我的代碼存在問題。Python在一個循環中下載多個文件
#!/usr/bin/env python3.1
import urllib.request;
# Disguise as a Mozila browser on a Windows OS
userAgent = 'Mozilla/4.0 (compatible; MSIE 5.5; Windows NT)';
URL = "www.example.com/img";
req = urllib.request.Request(URL, headers={'User-Agent' : userAgent});
# Counter for the filename.
i = 0;
while True:
fname = str(i).zfill(3) + '.png';
req.full_url = URL + fname;
f = open(fname, 'wb');
try:
response = urllib.request.urlopen(req);
except:
break;
else:
f.write(response.read());
i+=1;
response.close();
finally:
f.close();
當我創建urllib.request.Request對象(稱爲req)時,問題似乎出現了。我用一個不存在的URL創建它,但後來我改變了它應該是的網址。我這樣做,以便我可以使用相同的urllib.request.Request對象,而不必在每次迭代中創建新的。

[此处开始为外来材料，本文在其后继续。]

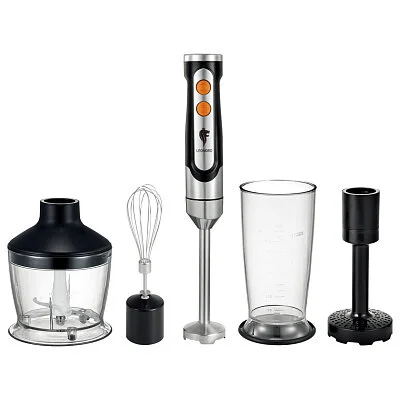 Мощность 800 Вт 2 скорости работы: Обычный и Turbo режим Регулировка скорости Насадка блендер из нержавеющей стали Ножи из нержавеющей стали Измельчитель 500 мл Венчик Стакан для смешивания 800 мл Насадка для картофельного пюре.

在python中可能有一種機制可以完成,但我不確定它是什麼。
EDIT 錯誤信息是:
>>> response = urllib.request.urlopen(req);
Traceback (most recent call last):
File "<stdin>", line 1, in <module>
File "/usr/lib/python3.1/urllib/request.py", line 121, in urlopen
return _opener.open(url, data, timeout)
File "/usr/lib/python3.1/urllib/request.py", line 356, in open
response = meth(req, response)
File "/usr/lib/python3.1/urllib/request.py", line 468, in http_response
'http', request, response, code, msg, hdrs)
File "/usr/lib/python3.1/urllib/request.py", line 394, in error
return self._call_chain(*args)
File "/usr/lib/python3.1/urllib/request.py", line 328, in _call_chain
result = func(*args)
File "/usr/lib/python3.1/urllib/request.py", line 476, in http_error_default
raise HTTPError(req.full_url, code, msg, hdrs, fp)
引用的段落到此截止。